Data integrity and asynchronous I/O are unrelated concerns. The value of async I/O is that it exposes the concurrency and parallelism of the storage hardware to the software layer, enabling many types of performance optimizations. The vast majority of I/O operations in many database architectures do not have any sequential dependencies on other I/O operations, even within a single execution context.

Data integrity is a function of design and implementation correctness, in addition to having robust mechanisms for dealing with data corruption during I/O, hardware failures, etc.

> database engines all use blocking io

Only in open source, most advanced database engines have not been designed with blocking I/O in a very long time in closed source. I have not worked on any database engines with blocking I/O in the last decade.

This is an area of easy integer factor performance improvement for open source databases, and one of the primary reasons they are not competitive with the performance of many closed source designs.

Are there any benchmarks openly available to compare the performance of different open/closed source DB’s?

An older comparison of MySQL vs SQL Server that I dug up:


> linux doesn't have a syscall batching system

Well, you already mention io_uring. That's your syscall batching system. It doesn't cover all existing syscalls because not everything is safe to do asynchronously.

Yes, I'd like both!

Asynchronous io_uring is good for things that take a lot of time, e.g. io. Its really just a queue between the user-space and kernel threads.

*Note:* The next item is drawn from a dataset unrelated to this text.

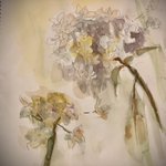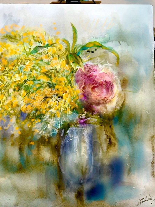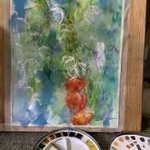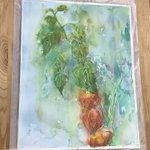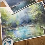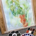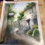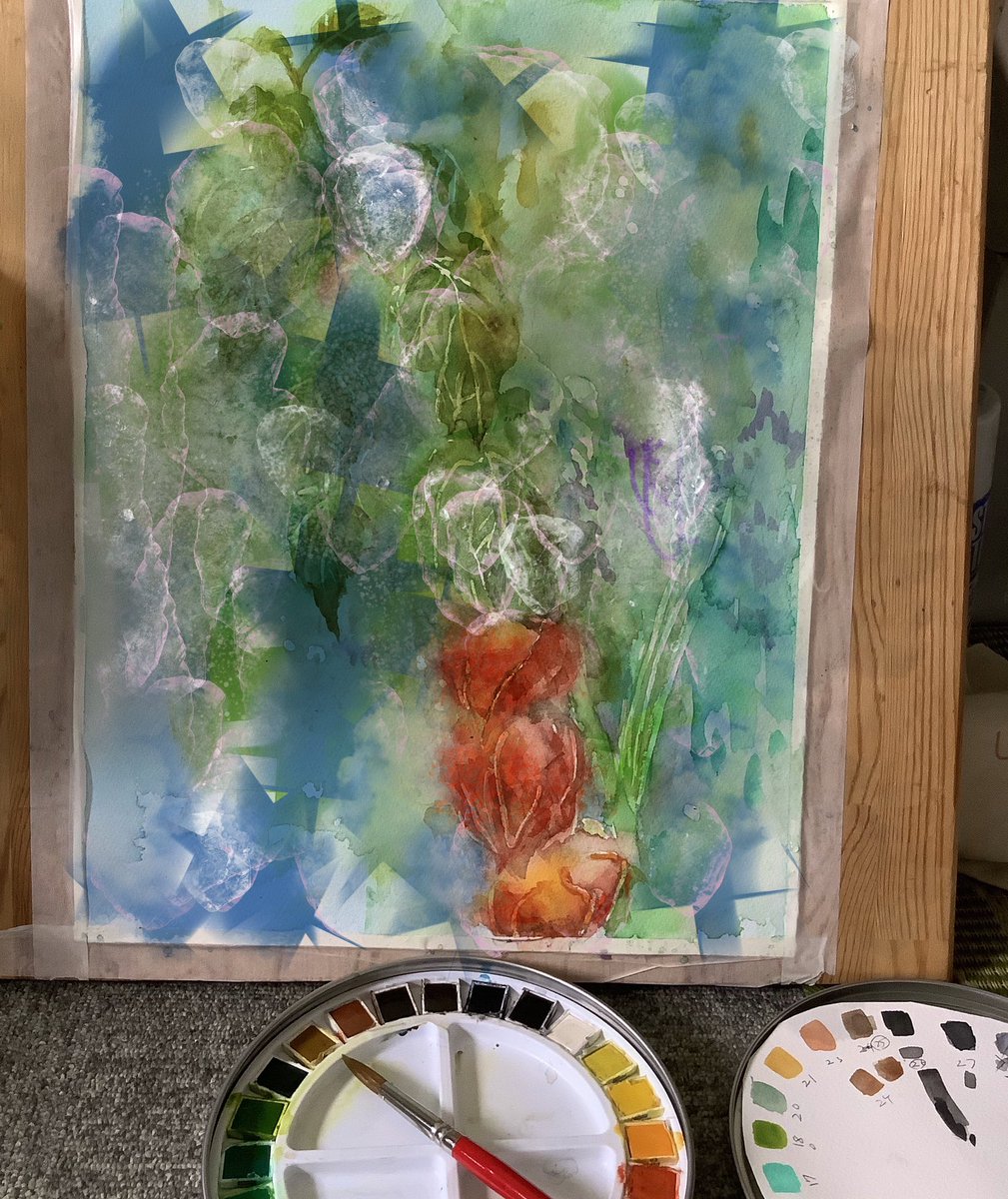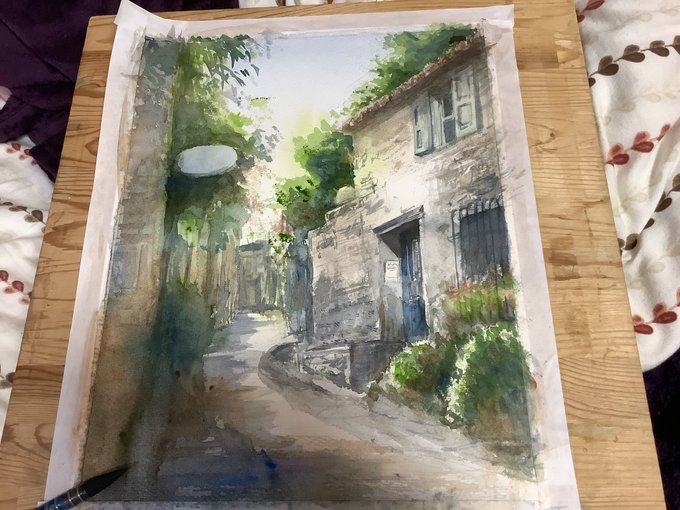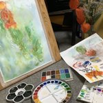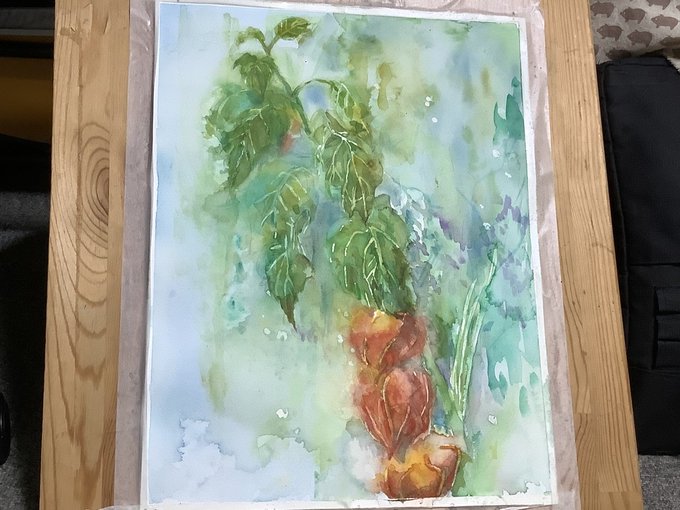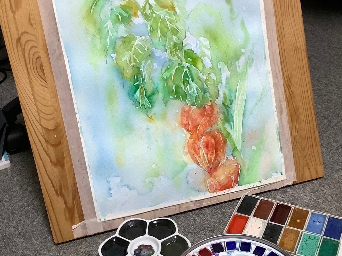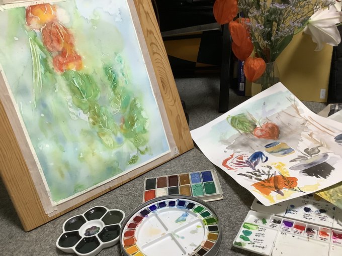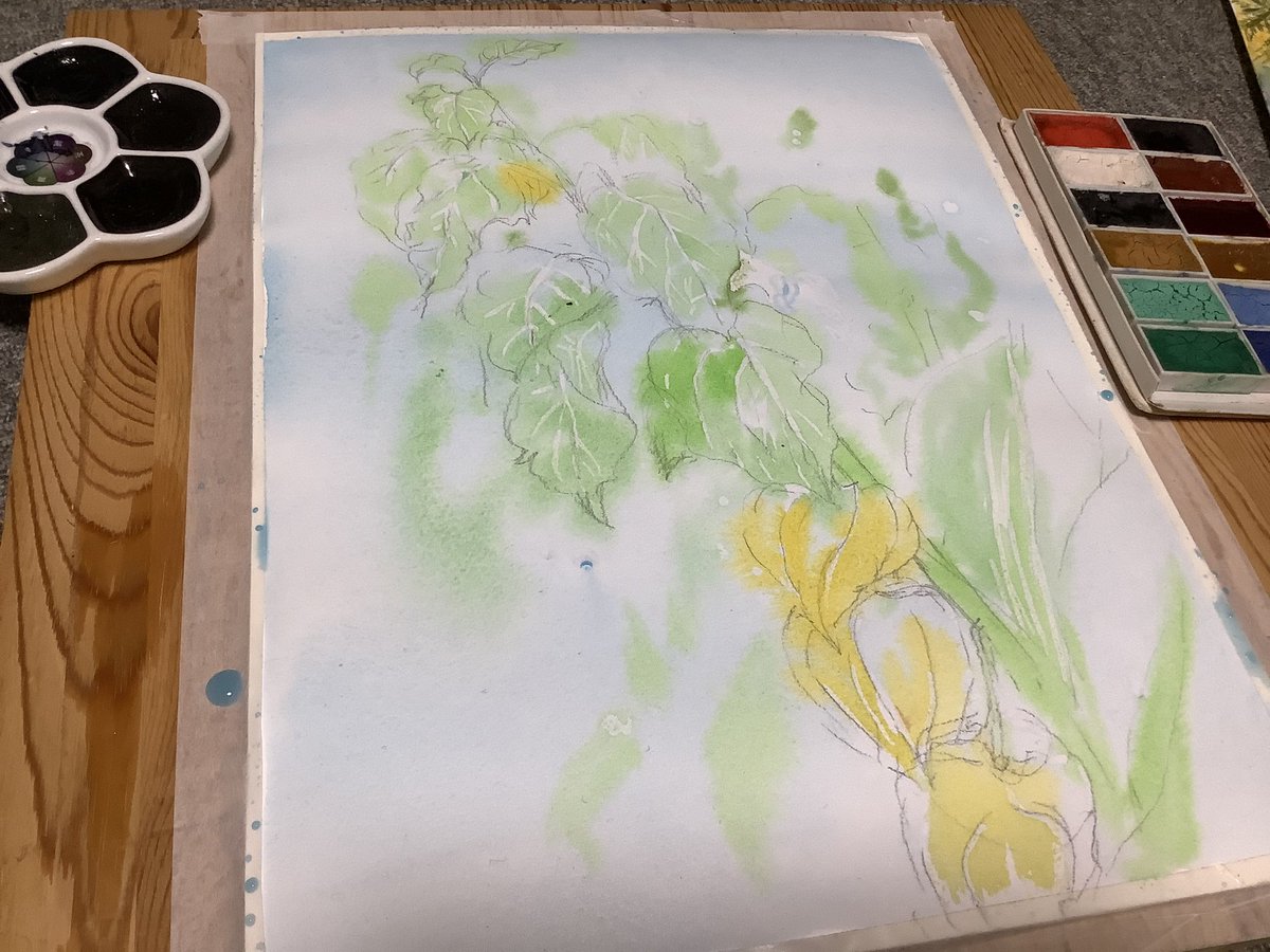 休日の午前中を使って部屋を片付けたのにまた散らかるお絵描きあるある #水彩画 久々に水貼りからしてみたよー 画材 紙→ #ウォーターフォード #蜻蛉顔彩 #ホルベイン透明水彩 #ぺデロ これから #絵墨 使うか迷い中…
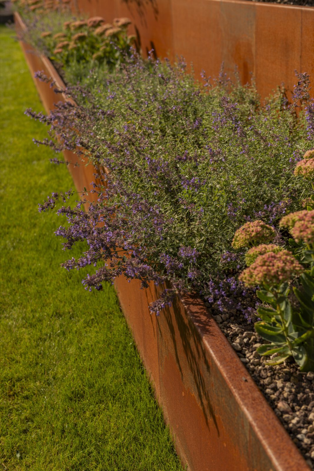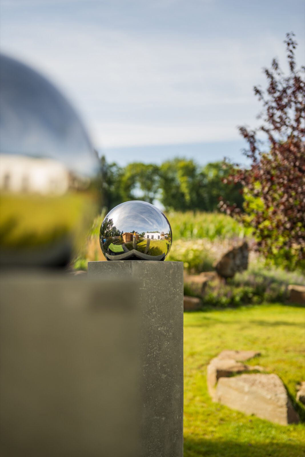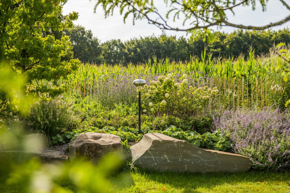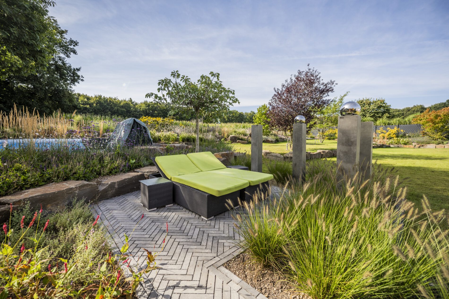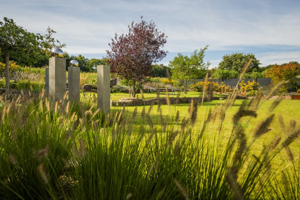 Als ruhigen, grafischen Gegenpol haben wir drei schlanke Steinstelen mit polierten Chromkugeln gesetzt – sie fangen das Licht ein und spiegeln die umliegenden Gräser. Ein ähnliches Spiel mit Reflektion und Kontrast übernimmt die Cortenstahl-Einfassung am Hauptbeet: Die rostrote Patina korrespondiert mit dem warmen Braun des Sandsteins, während die Katzenminze in Wolken über die Kante fließt. So wird dieser naturnahe Garten an keiner Stelle „wild im Sinne von ungepflegt” – sondern bewusst gestaltet, nur eben mit einem anderen Ordnungsprinzip als der klassische Ziergarten.

But it doesn't replace just making a synchronous syscall for small things e.g. stating files etc.

A lot of those syscalls are called in quick succession, often with no logic between them.

The Soares paper I linked too showed how buffering up a list of syscalls, doing a single context switch to the kernel, executing them and then switching back is a major gain to a wide variety of applications.

Sychronous syscall batching would be much more straightforward to adopt than aysnc io; imagine if cstdlib file stuff all used buffered syscalls - everyone would benefit! Whereas I would imagine it adopting true async io would be very hard because it is a exposing a blocking api to its user.

You can use io_uring for synchronous batching too. All you have to do is submit a batch and set min_complete to the number of submitted items when calling io_uring_enter. That's a single syscall, assuming you already have some thread-local ring lying around just for batching.

You probably also need to set the flag that enables the events to be linked, so that they happen in the correct order.

Only when order matters. For the given example of stating a lot of files it wouldn't.

> A lot of those syscalls are called in quick succession, often with no logic between them.

Speaking of which, I noticed on macOS that the “du” command-line utility seems much slower than a third-party GUI utility called DaisyDisk [1] at collecting the sizes of everything on a disk.

This has me wondering what DaisyDisk is doing, if anything, that “du” isn’t, to achieve this.

One theory of mine is that perhaps APFS caches metadata about file sizes and that this can be accessed faster than walking all directories and stat’ing all the things.

An alternative theory I have is that perhaps GUI apps just run with a higher priority.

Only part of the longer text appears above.